Coming up Roses

Here's wishing you the joy of island living, no matter where you call home. And that all your unexpected challenges come up roses — on or off the stem.


By Diane Haynes Woodburn

Diane Haynes WoodburnI  awake to a gorgeous Saturday morning. The aroma of blueberry pancakes wafts up the stairs to my cocoon of a bed — but it isn’t until I hear the hum of the cappuccino maker that I am truly enticed to join the living. Downstairs, I find my husband, Jamie, flipping the last of the pancakes. “Let’s eat outside,” I suggest. We grab our plates and settle at the little table on our lanai.

A nanosecond later, I leap to my feet.

“Oh, no!” I cry. “My roses!” Instead of smiling serenely from their cozy beds, my once-lovely roses lie strewn across the yard, à la confetti.

It’s been a rough year for roses in Kula — too much rain, too much heat, too much weird weather altogether. But I had persevered, coddling those high-maintenance beauties through it all. I weeded, pruned, and fed them. I even bled for the thorny little tramps. To add insult to injury, I’m allergic to those thorns; every scratch swells and stings, leaving scars. It’s truly a love/hate relationship. I hate the beating I take, but I love the gorgeous, rich blooms. And I wait for their flirtation with the sun, showing just a bit more of their jeweled colors each day. Golden yellow, sensuous fuchsia, tropical orange, creamy white, and yes, blood red — I welcome their deceptively sweet faces as a parent welcomes a prodigal daughter.

Now, surveying the carnage, I realize that my pair of one-year-old Australian Shepherds had seen them as something else: edible landscape.

Making paradise your home — and your home paradise — has its challenges, but also its joys. In this issue of Maui No Ka ‘Oi, we focus on both. From giving your home a Hawaiian sense of place, to protecting it from the elements (think wind, salt spray, and things that chew wood in the night), to the latest real-estate trends, our special “Island Living” edition is filled with useful information to make residing on Maui as cool and easy as a tropical breeze.

If you’d rather engage the elements of adventure, join the crew of Hawaiian Paddle Sports for a truly edgy (as in “hang on for dear life”) surfing experience — riding the outrigger of a canoe.

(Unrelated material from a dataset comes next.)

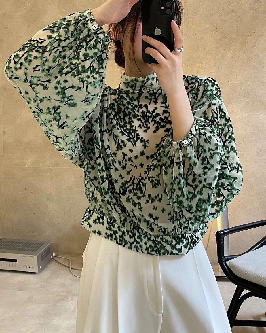 "개인" 봄 새로운 한국 스타일 레트로 하프 하이 칼라 랜턴 슬리브 몰려 인쇄 셔츠 캐주얼 최고 여성

Or (easier) float your boat with a mai tai from the crowd-pleasing mixologists at Monkeypod Kitchen. Try the ceviche recipe from Joe’s Nuevo Latino that hooked the judges at the 2015 Kapalua Wine & Food Festival, and wow your friends. And while we’re talkin’ food, check out Becky’s Backyard; our dining editor shares expert advice on creating an edible garden that won’t make you cry.

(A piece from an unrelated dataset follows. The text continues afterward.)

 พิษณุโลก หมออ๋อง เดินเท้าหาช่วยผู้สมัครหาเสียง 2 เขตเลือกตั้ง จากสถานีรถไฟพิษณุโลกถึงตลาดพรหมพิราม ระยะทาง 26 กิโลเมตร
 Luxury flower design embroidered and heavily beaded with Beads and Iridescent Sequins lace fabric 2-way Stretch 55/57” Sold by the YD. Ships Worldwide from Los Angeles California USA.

“There’s nothing you can do now,” Jamie says, shaking his head at the damage. “Let’s go to the farmers’ market. We’ll deal with this when we come back.”

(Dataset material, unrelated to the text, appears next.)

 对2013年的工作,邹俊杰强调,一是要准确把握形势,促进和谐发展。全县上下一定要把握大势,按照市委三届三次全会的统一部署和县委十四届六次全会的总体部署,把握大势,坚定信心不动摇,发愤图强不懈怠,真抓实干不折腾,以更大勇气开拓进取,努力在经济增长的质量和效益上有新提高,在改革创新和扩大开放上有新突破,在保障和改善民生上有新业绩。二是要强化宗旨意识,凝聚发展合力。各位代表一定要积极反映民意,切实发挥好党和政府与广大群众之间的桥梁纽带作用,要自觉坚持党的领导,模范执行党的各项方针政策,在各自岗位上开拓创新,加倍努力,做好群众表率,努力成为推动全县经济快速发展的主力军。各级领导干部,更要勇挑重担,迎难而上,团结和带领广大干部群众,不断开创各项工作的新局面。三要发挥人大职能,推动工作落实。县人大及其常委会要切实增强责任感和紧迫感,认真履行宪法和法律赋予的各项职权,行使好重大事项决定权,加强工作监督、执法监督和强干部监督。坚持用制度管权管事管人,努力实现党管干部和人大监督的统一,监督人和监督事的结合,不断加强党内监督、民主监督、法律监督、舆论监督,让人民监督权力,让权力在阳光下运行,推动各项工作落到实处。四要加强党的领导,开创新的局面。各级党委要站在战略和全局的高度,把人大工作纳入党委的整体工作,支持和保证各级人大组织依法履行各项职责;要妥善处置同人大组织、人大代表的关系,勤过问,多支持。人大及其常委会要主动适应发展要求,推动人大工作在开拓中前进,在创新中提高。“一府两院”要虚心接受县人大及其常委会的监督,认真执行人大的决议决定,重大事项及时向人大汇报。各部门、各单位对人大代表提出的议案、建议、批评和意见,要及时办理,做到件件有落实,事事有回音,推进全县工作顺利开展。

Dazed (I’ve had only one cup of coffee), I accept his sensible offer.

The Upcountry Farmers Market is our Saturday place of worship. We go religiously to buy fresh produce and baked goods, and discover homemade foods and products clever Maui folks peddle to happy devotees. I give my rose woes up to the myriad colorful and welcoming booths offering coconuts, papayas, supergreens, flowers, vegetables, fudges, creamy goat-milk caramel, GMO-free everything, and too many other options to mention. And people, relying on one another to do the most with what we have on a small island.

Returning home, I find two happy pups wrestling on a bed of rose pedals. How can that be sad? Donning my overalls, a long-sleeved shirt and gardening gloves, I prepare to crawl into the rose beds for damage control. As I carefully bend a knee to what I hope is a thorn-free spot, I find myself thinking once again of our “Island Living” issue. Nowhere, I realize, is the island spirit better illustrated than in caring for the ‘aina (land), and even more importantly, caring for each other.